Kipnis initially wrote, "When Silverman takes on female abjection—most famously, 'I was raped by a doctor. Which is such a poignant experience for a Jewish girl'—the clichés are demolished, not upheld; the world as it was is turned on its ear." But Slate later ran a correction saying the article had quoted the joke "imprecisely," and changed it to "I was raped by a doctor. Which is so bittersweet for a Jewish girl."

That makes a lot more sense. Silverman's point—while perhaps not world-ear-turning—is to deflate the stereotype that Jewish women love male doctors by reducing it to absurdity. "Bittersweet" expresses the absurd ambiguity much better than "poignant" does. But even the corrected joke isn't yet in ideal form. "Bittersweet" is the surprise, and so it should be the last word, making the line end with its punch. A better version runs like this: "I was raped by my doctor, which for a Jewish girl is so bittersweet."

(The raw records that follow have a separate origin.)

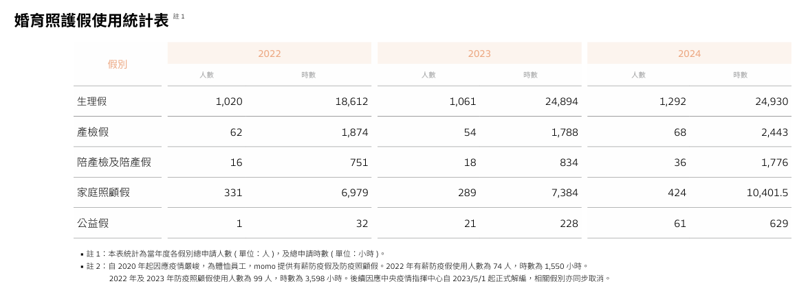 為有效協調勞資關係及促進勞資合作,momo設置勞資會議,每季固定開會,2024年共計召開4次勞資會議。目前勞方代表及資方代表各10位,勞方代表由全體員工直接選舉得出,匯集各主要營運據點之勞方意見,經勞資會議通過之決議適用全體員工,涵蓋範圍佔100% 總員工數。若遭遇重大營運變化且影響擴及員工,momo將預先與員工進行溝通,並遵循勞動基準法規定之預告期,工作三個月以上一年未滿者,於十日前預告之;工作一年以上三年未滿者,於二十日前預告之;而繼續工作三年以上者,於三十日前預告之,以保障員工權益,2024年未發生重大營運變化事件。
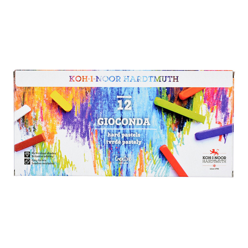Pastele twarde Gioconda wykonane są z najwyższej jakości surowców. Zawierają dużą ilość równomiernie rozprowadzonego pigmentu, co zapewnia intensywność i trwałość barw. Doskonale nadają się do szkicowania i mocnego rysunku, a także wypełniania dużych obszarów. Rysunki wykonane tymi pastelami są bardziej trwałe niż wykonane pastelami suchymi. Pastele twarde idealnie przylegają do podłoża i nie rozcierają się.
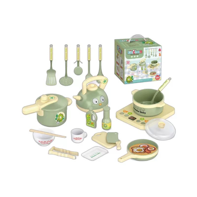 Dụng cụ nấu nướng chuyên dụng: Nồi áp suất và ấm nước có nắp đậy và tay cầm chắc chắn, giúp bé làm quen với các phương pháp chế biến món ăn khác nhau.
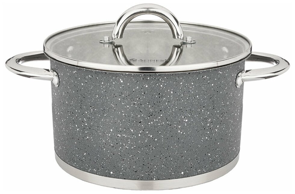 Лучшие цены. Кастрюля AGNESS со стеклянной крышкой, нерж. сталь, серия монблан 4,6Л 22Х12,5СМ Бренд AGNESS представляет кастрюли из нержавеющей стали серии Монблан. Изюминка этой серии - это внешнее жаропрочное покрытие выполненное под серый "мрамор" и обеспечивающее высокую износостойкость посуды. Энергосберегающее капсульное дно обеспечивает быстрый и равномерный нагрев посуды. Магазины в вашем городе.
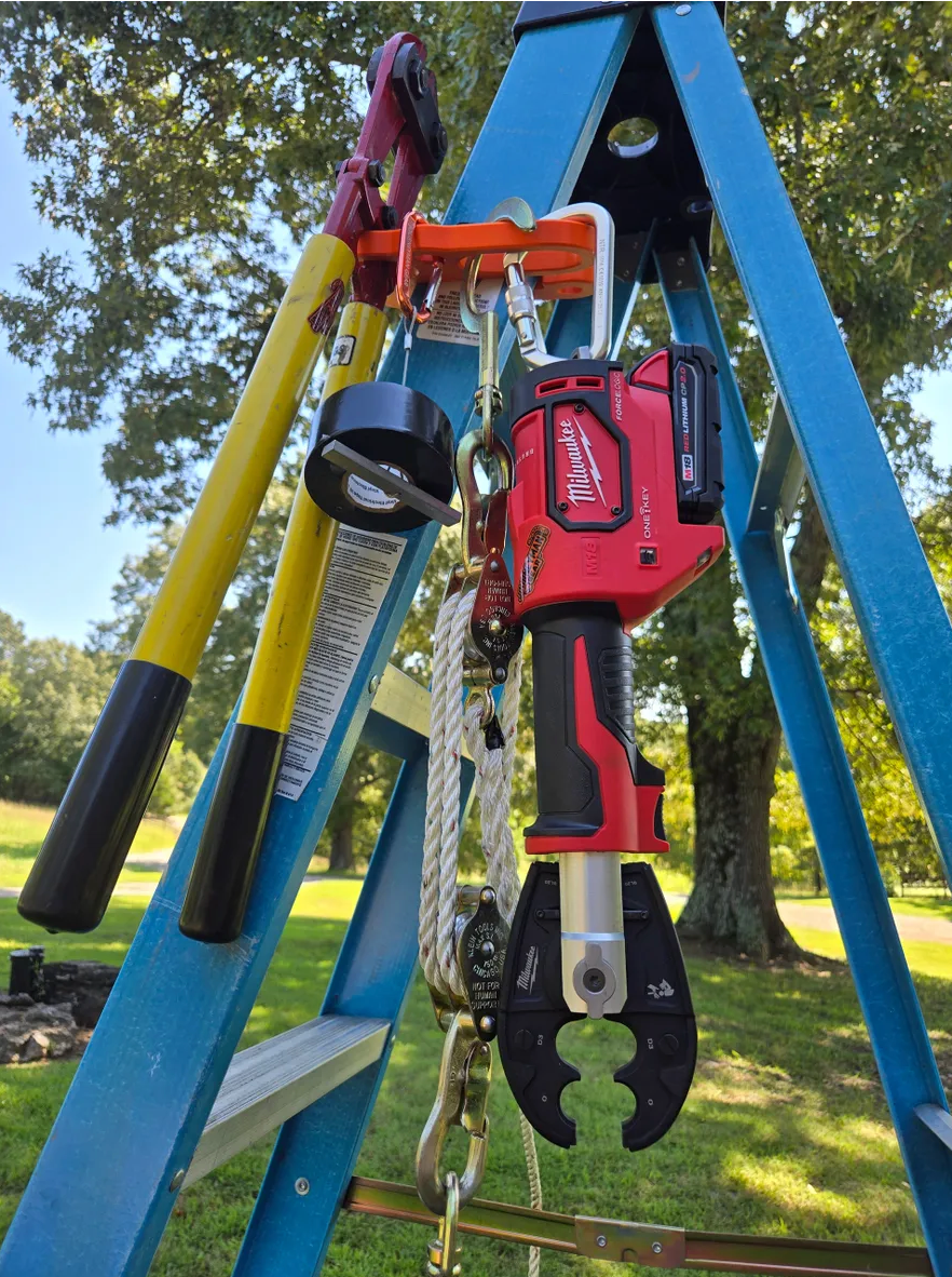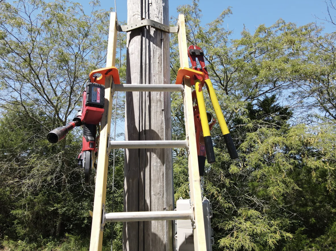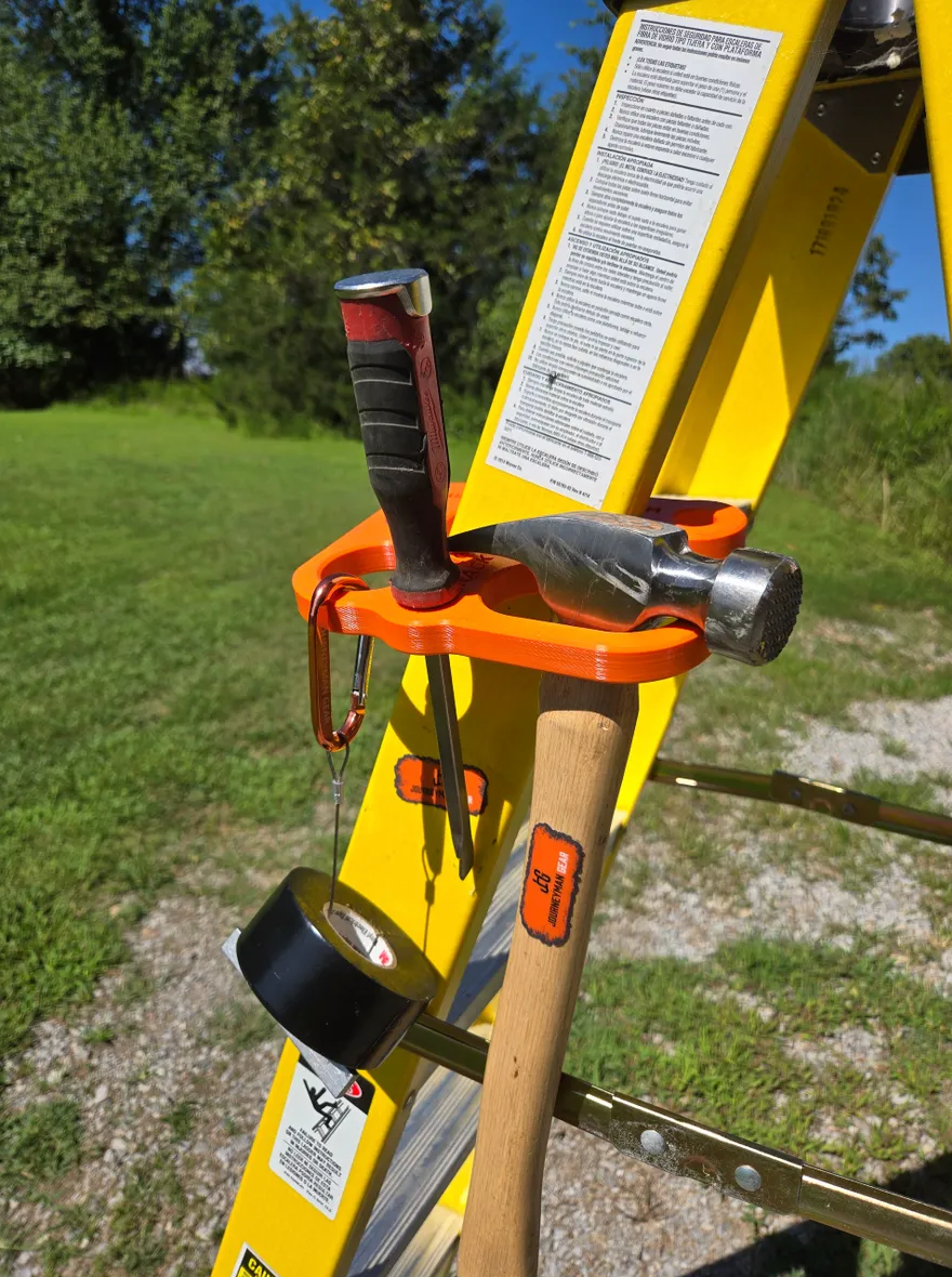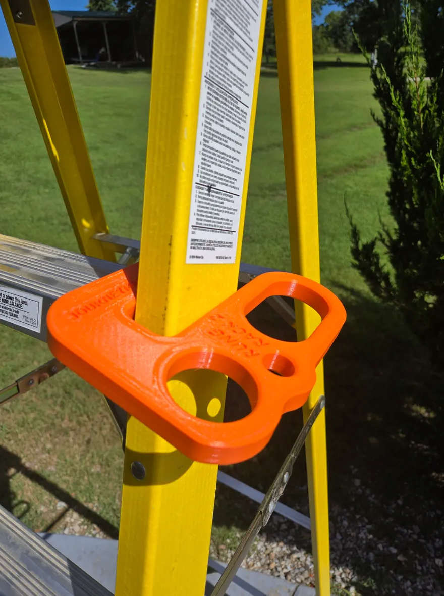 Much like our first Rung- Rack, this one also attaches to a ladder which provides us with new and safer options for hanging all of the tools or equipment we need to do our jobs. We all know how challenging it can be to hang on to our tools up there while trying to get a job done. This tool will absolutely make our jobs safer when working off a ladder, at the same time protecting our expensive equipment along with crewmates working below. The Rung-Rack 2 will securely click into place over the side frame rails of any ladder style, Both A-Frame and Extension ladders. We tested this on every brand ladder we could find with perfect results and you can use more than 1 of these at a time. This tool is manufactured out of very durable, extremely lightweight, non conductive nylon material. Each one is made right here In Northern Arkansas and has a labeled weight rating of 40lbs. Just like all of our other products, this also comes with a lifetime warranty.

There are several different versions of the joke online, perhaps because Silverman doesn't always deliver it precisely the same way. (Her most-quoted delivery came in the film, Jesus Is Magic.) Each variation brings subtle differences, though none Gelf could find uses the word "poignant." A version of the joke on Gay.com —"I was raped by my doctor. Which is bittersweet for a Jewish girl"—lacks "so," which lessens the punch. The version in The Stranger—"I was raped by a doctor. Which is so bittersweet for a Jewish girl"—fails to specify that the doc was hers, which makes the act less shocking, and the denouement less funny.

The lesson here is that no single joke has just one version, and it often mutates in the act of repetition. And a further lesson of this exercise is that the surest way to ruin a joke is to explain it. (Naturally, there are many different versions of that old chestnut, too.)

Related in Gelf

•David Goldenberg on the resilience of jokes.







Post a comment

Comment Rules

The following HTML is allowed in comments:
Bold: <b>Text</b>
Italic: <i>Text</i>
Link:
<a href="URL">Text</a>

Comments

About Gelflog

The Gelflog brings you all the same sports, media & world coverage you’ve come to love from Gelf Magazine, but shorter and faster. If you’d like, subscribe to the Gelflog feed.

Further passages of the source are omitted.